In terms of tools and languages, for many applications, there is a great deal of work going into making Python a first-class option. Between compilation to LLVM (i.e. numba), GPU support and huge efforts towards optimization, Python is now as fast as or faster than C family languages for many classes of problems, and there are ongoing efforts to push it towards Fortran-like performance. There’s also a great deal of work on faster, simpler, lower latency communication (upgrade or replace MPI), as well as better tools for parallelizing code and tasks. In addition to Python, R is also seeing widespread use as something that’s “fast enough” while greatly improving developer productivity. Very large scale applications are of course still written in C, C++, and Fortran, as well as domain-specific languages.

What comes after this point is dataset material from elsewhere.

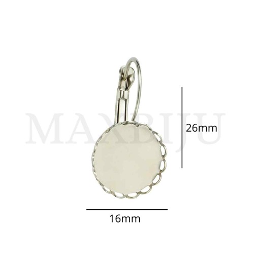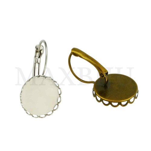 Metal Earring Base for Cabochon 18x29mm Insider diameter 16mm Quantity per package: - 5g/10g (+/- 6 pieces) silver color; - 5g/10g (+/- 6 pieces) bronze;..

Another space with a great deal of interest and activity is GPU / co-processor computing. GPU computing (CUDA, OpenCL) has had a significant role in many applications for several years, and Intel has finally entered the fray with the Xeon Phi. Unlike GPUs, this is a many-core general processing (CPU) co-processor, though with simplified cores (in-order, but 64-bit). Many vendors are offering the same infrastructure with nVidia GPUs (Fermi, Kepler) or Xeon Phi; I expect a shake-out over the coming years in terms of performance per watt for major applications. Co-processors and GPUs are no longer just the domain of the hardcore propeller-heads; they can even speed up complex Excel financial models.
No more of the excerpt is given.